PROVIDED ENTRIES:
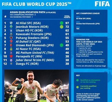 تصدّر فريق الهلال التصنيف الذي أصدره الاتحاد الدولي لكرة القدم (فيفا) للأندية الآسيوية، التي ستُشارك بكأس العالم للأندية 2025.
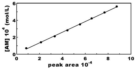 The conversion was determined analyzing the residual monomer concentration. It served to calculate Rp and ν according to a detailed procedure [29]. Briefly, the residual monomer concentration in the samples was monitored using a HPLC system composed of an L-7110 Merck-Hitachi pump (Hitachi, Tokio, Japan) and a SP6 Gynkotek UV detector (Gynkotek, Germering, Germany) operating at λ = 197 nm. The stationary and mobile phases were LiChrosphere 100 RP-18 (Merck, Darmstadt, Germany) and aqueous solutions containing 5 wt% acetonitrile. The flow rate was 1 mL/min. The HPLC system was calibrated using AM solutions of known concentrations. The concentration as a function of the peak area served as calibration parameter (r2 > 0.999). Figure 1 presents the calibration curve of the HPLC system. The samples were mixed with 4 mL of acetonitrile to precipitate and isolate the polymer from the solution. The non-reacted monomers remained in solution. 20 μL of the supernatant were injected for HPLC analysis.
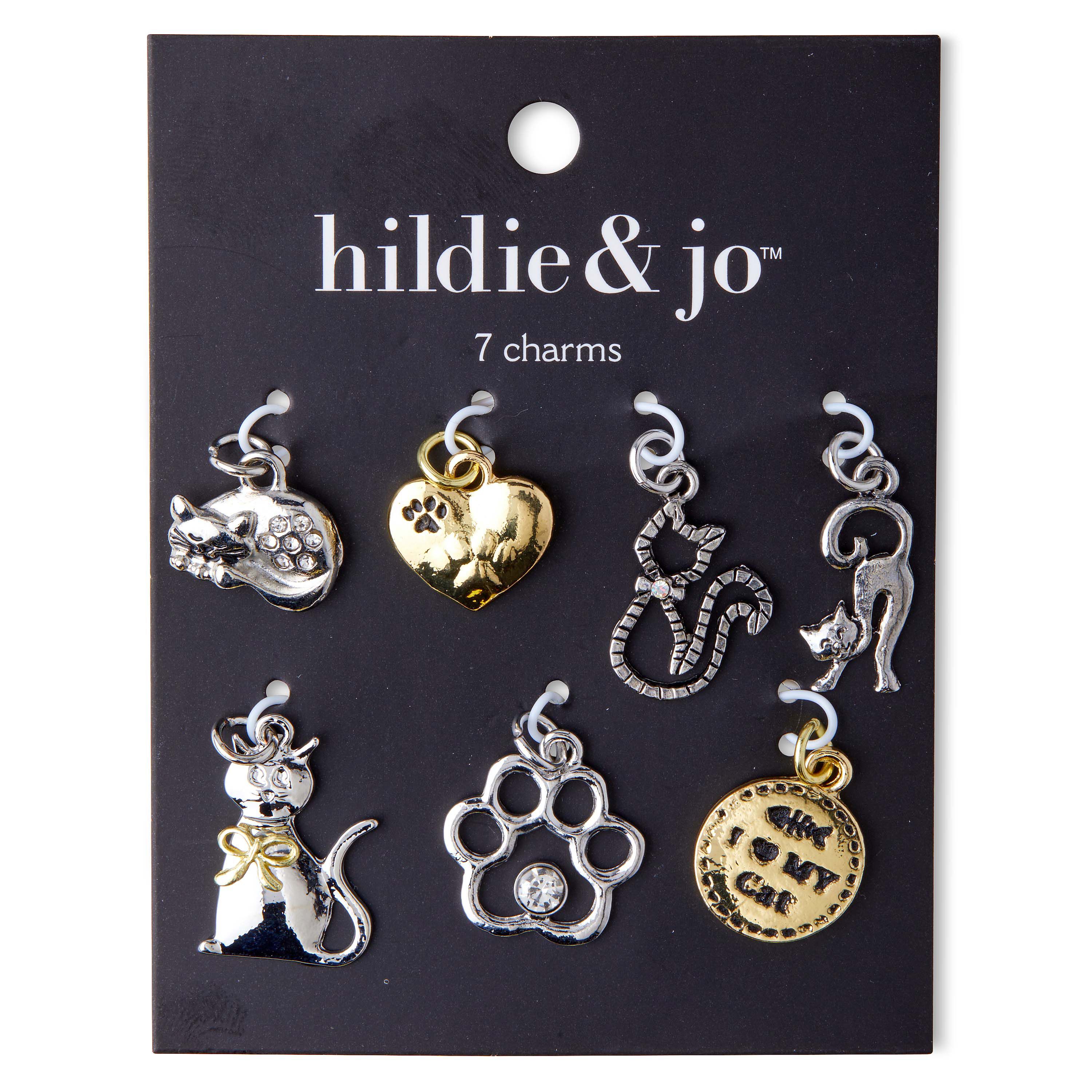 Use the hildie & jo Cat Charms-Silver & Gold in your next DIY project. This pack comes with seven unique charms. It includes a silver cat charm, laying down with a flower shape on the body in clear round crystals, a gold heart charm with a black and gold paw prints. Another charm has an outline of a silver cat wearing a bow tie. These charms comes with jump rings for easy attachment.
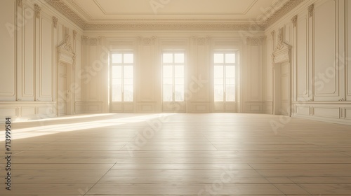 Spacious classical room flooded with natural sunlight pouring through tall French windows, featuring ornate period-style wall paneling and a herringbone parquet floor.
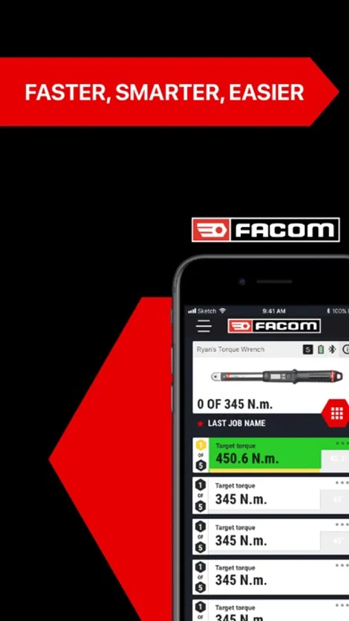 With the Facom App, take control of your Smart Torque wrench and set quickly target torque, help reduce errors, and record measurement for audit. Set values, recall favorites, and generate reports.
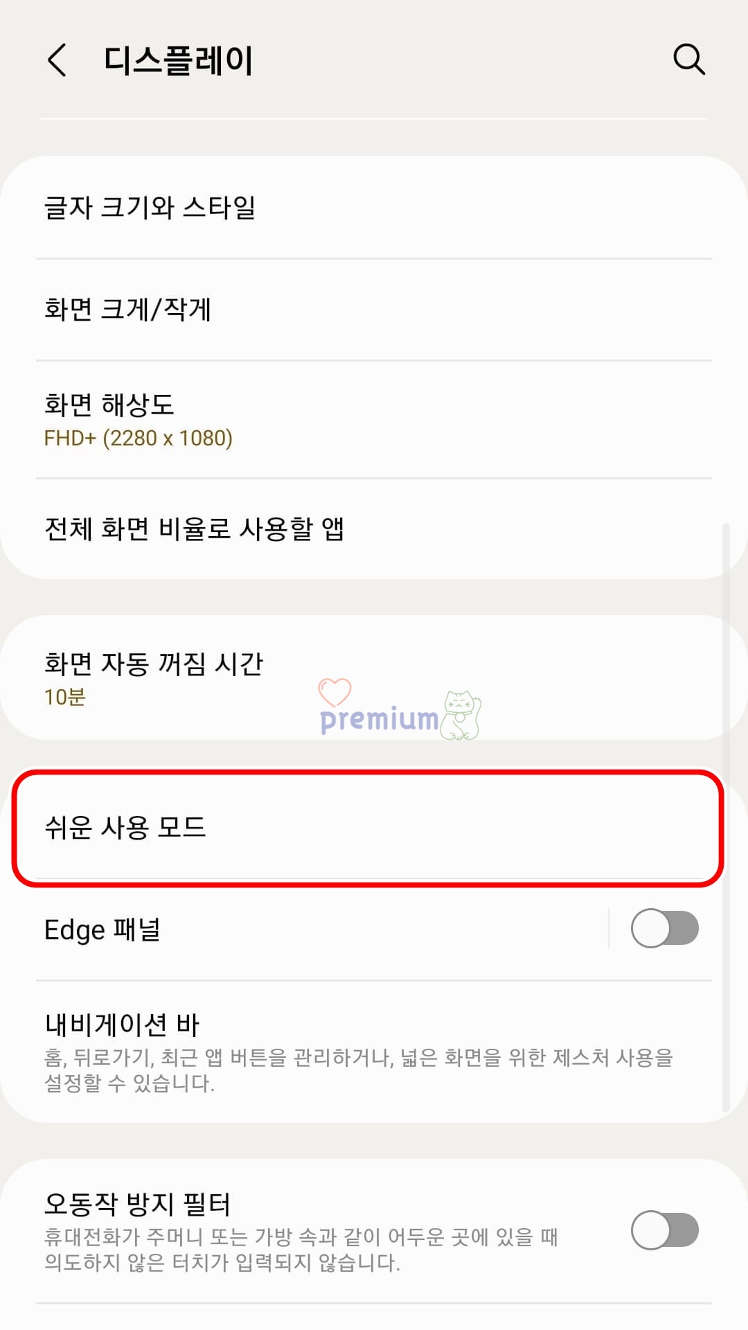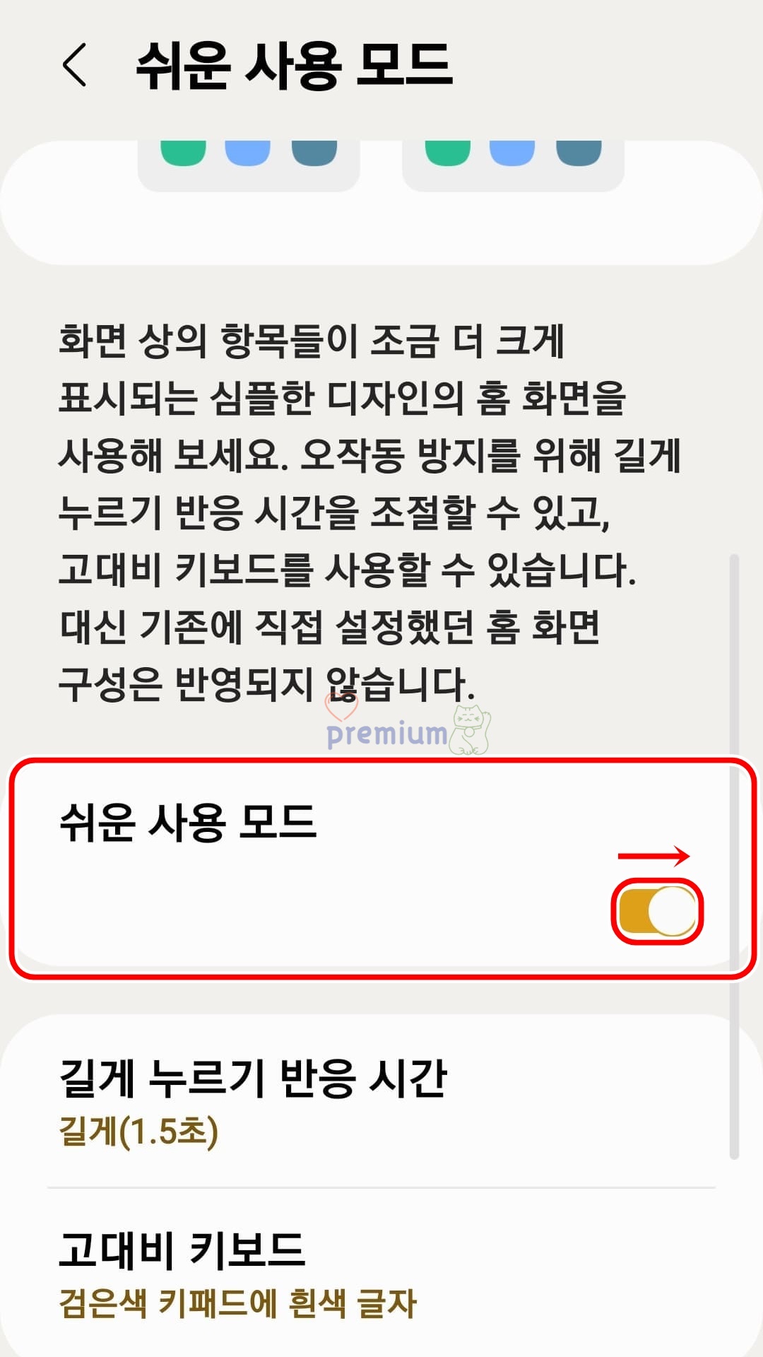 4. 쉬운 사용 모드 버튼을 활성화합니다.
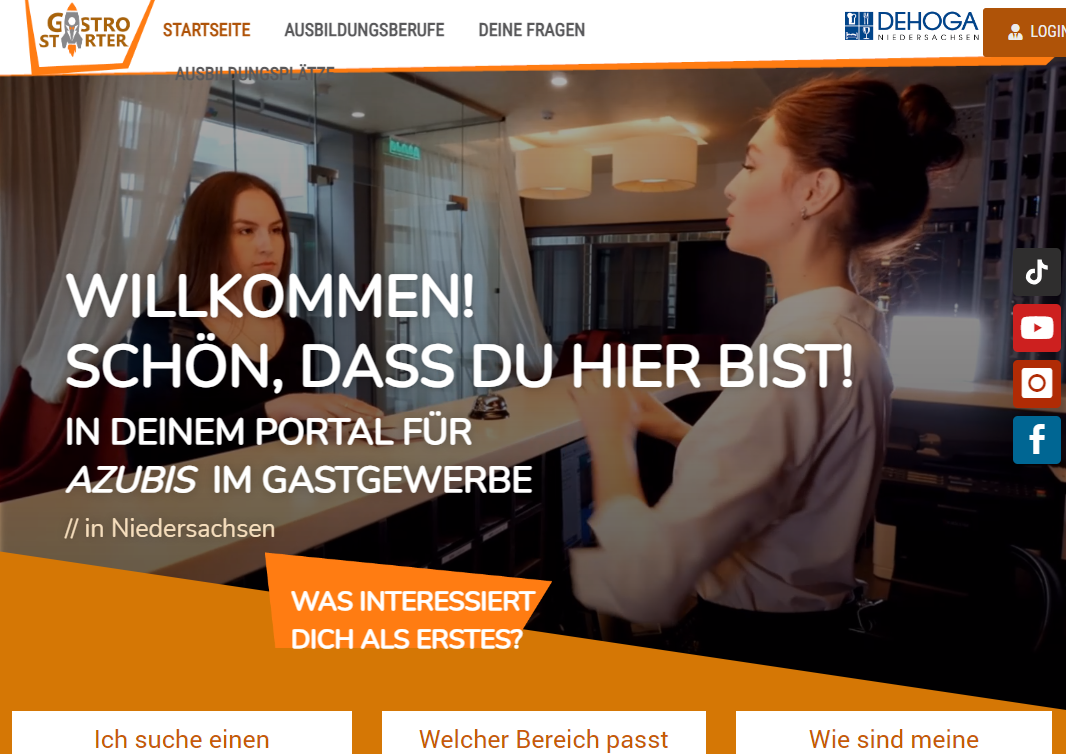 Mit der groß angelegten Web- und Social-Media-Kampagne GastroStarter.de wirbt der DEHOGA Niedersachsen online über soziale Medien für die Ausbildung im Gastgewerbe.
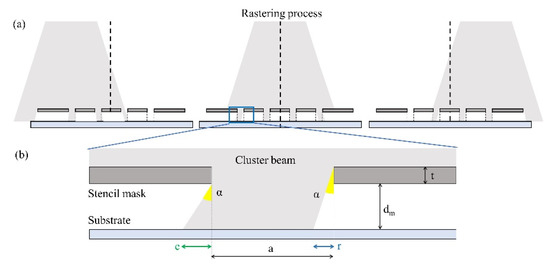 Schematic representation of a beam passing through a stencil mask and impinging on a substrate. (a) Rastering process: three different source–substrate relative positions are displayed, in which each opening intercepts a portion of the beam with a different inclination. (b) Single mask opening of extension a. A portion of the cluster beam passes through a stencil mask of thickness t with angle α and impinges on a substrate at a distance dm from the mask. Due to the non-zero inclination of the beam with respect to the normal to the substrate plane and the presence of a gap between the mask and the substrate, the beam overcomes the pattern borders, producing an enlargement e. Also, the right side of the pattern is not completely covered, causing a reduction of extension r in the deposition.

DIRECTIONS: An answer that restates all the entries exactly and drops the images is what is needed.

REPLY:
 تصدّر فريق الهلال التصنيف الذي أصدره الاتحاد الدولي لكرة القدم (فيفا) للأندية الآسيوية، التي ستُشارك بكأس العالم للأندية 2025.
 The conversion was determined analyzing the residual monomer concentration. It served to calculate Rp and ν according to a detailed procedure [29]. Briefly, the residual monomer concentration in the samples was monitored using a HPLC system composed of an L-7110 Merck-Hitachi pump (Hitachi, Tokio, Japan) and a SP6 Gynkotek UV detector (Gynkotek, Germering, Germany) operating at λ = 197 nm. The stationary and mobile phases were LiChrosphere 100 RP-18 (Merck, Darmstadt, Germany) and aqueous solutions containing 5 wt% acetonitrile. The flow rate was 1 mL/min. The HPLC system was calibrated using AM solutions of known concentrations. The concentration as a function of the peak area served as calibration parameter (r2 > 0.999). Figure 1 presents the calibration curve of the HPLC system. The samples were mixed with 4 mL of acetonitrile to precipitate and isolate the polymer from the solution. The non-reacted monomers remained in solution. 20 μL of the supernatant were injected for HPLC analysis.
 Use the hildie & jo Cat Charms-Silver & Gold in your next DIY project. This pack comes with seven unique charms. It includes a silver cat charm, laying down with a flower shape on the body in clear round crystals, a gold heart charm with a black and gold paw prints. Another charm has an outline of a silver cat wearing a bow tie. These charms comes with jump rings for easy attachment.
 Spacious classical room flooded with natural sunlight pouring through tall French windows, featuring ornate period-style wall paneling and a herringbone parquet floor.
 With the Facom App, take control of your Smart Torque wrench and set quickly target torque, help reduce errors, and record measurement for audit. Set values, recall favorites, and generate reports.
 4. 쉬운 사용 모드 버튼을 활성화합니다.
 Mit der groß angelegten Web- und Social-Media-Kampagne GastroStarter.de wirbt der DEHOGA Niedersachsen online über soziale Medien für die Ausbildung im Gastgewerbe.
 Schematic representation of a beam passing through a stencil mask and impinging on a substrate. (a) Rastering process: three different source–substrate relative positions are displayed, in which each opening intercepts a portion of the beam with a different inclination. (b) Single mask opening of extension a. A portion of the cluster beam passes through a stencil mask of thickness t with angle α and impinges on a substrate at a distance dm from the mask. Due to the non-zero inclination of the beam with respect to the normal to the substrate plane and the presence of a gap between the mask and the substrate, the beam overcomes the pattern borders, producing an enlargement e. Also, the right side of the pattern is not completely covered, causing a reduction of extension r in the deposition.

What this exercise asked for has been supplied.